Deepak Kumar is like any other 18-year-old. He has spiked hair, a goatie and is dressed in skinny jeans and a well-fitted shirt. Even though he has not “officially” commenced his Political Science degree, he puts his practical knowledge from volunteering with JOSH--an NGO in Trilokpuri--to good use.
“If you notice there are no traffic lights in Trilokpuri,” he declares, as he dodges a Grameen Seva vehicle, on the “short walk” between JOSH’s office in Block 5 to Block 32. “These Grameen Seva drivers always try to overtake each other…” he continues.
The sun beats down on Trilokpuri, a resettlement colony in East Delhi that stands on the fringes of Mayur Vihar Phase-I as Deepak talks about the local market that sprouts up after dark and the upcoming elections being the reason for the “unusually” clean surroundings. In his hand is a notebook that has names of his “case studies”--potential beneficiaries of the food security scheme who have been denied benefits for lack of an Aadhaar card.

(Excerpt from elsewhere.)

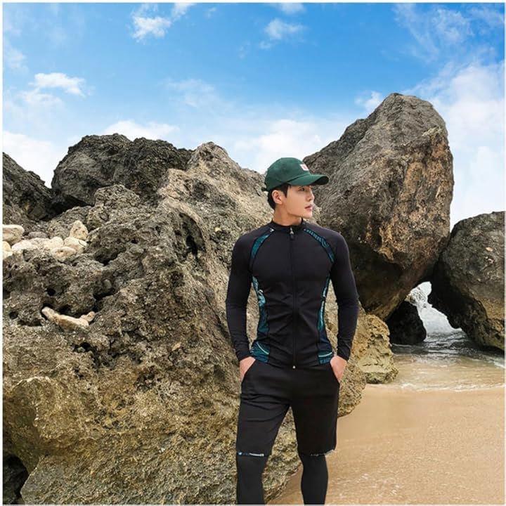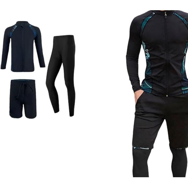 動きやすさと機能性を備えた水陸両用デザイン:メンズ用ラッシュガード3点セットは、長袖トップス・ショートパンツ・レギンスタイプの水着が一式揃った構成で、海や川でのレジャーからプール、ジムでの運動まで多目的に活用できます。

It is Tuesday, the same day that the Supreme Court upheld its interim order that no person be deprived of availing social benefits for want of an Aadhaar card, and had turned down the plea of the Centre to modify its earlier order.
Deepak and his teammate 19-year-old Mukesh Haldar are both aware of the Supreme Court’s stance. “Our team has been looking at the Right to Food Scheme that was launched on August 20. For the last two months, we have been interacting with people in this neighbourhood to record their experiences with availing benefits under this scheme,” says Deepak.
Mukesh himself serves as a “case study” having approached the Food Office in Mayur Vihar Phase-I seeking benefits for his family. “I noticed that on the forms submitted by people, the names of those without Aadhaar cards were being cut off,” he says. “The authorities said they will only accept Aadhaar cards and when I pointed out that it had become voluntary I was told to take it up with the Chief Minister,” he adds.
At JOSH’s minority resources centre in Trilokpuri’s Block-32, Deepak asks 32-year-old Najma Jafru, a resident of nearby Ambedkar Camp, if she gets benefits under the food security scheme. “Both my son and I have Aadhaar cards but my husband doesn’t. Despite this we have not received rations,” she says.
Kushboo Khan (16), who quietly listens to Najma, was among those who lined up as early as 4 a.m. to register for the Aadhaar. “My siblings and I had to register for the card very recently since they were not giving us rations otherwise. Only my parents had registered for the card, so our family of six, was getting only 10 kg of wheat and 2 kg of rice,” she says.
The volunteers are also preparing questions to put forth to the government under the RTI Act, says JOSH’s programme coordinator Priyanka Rustagi.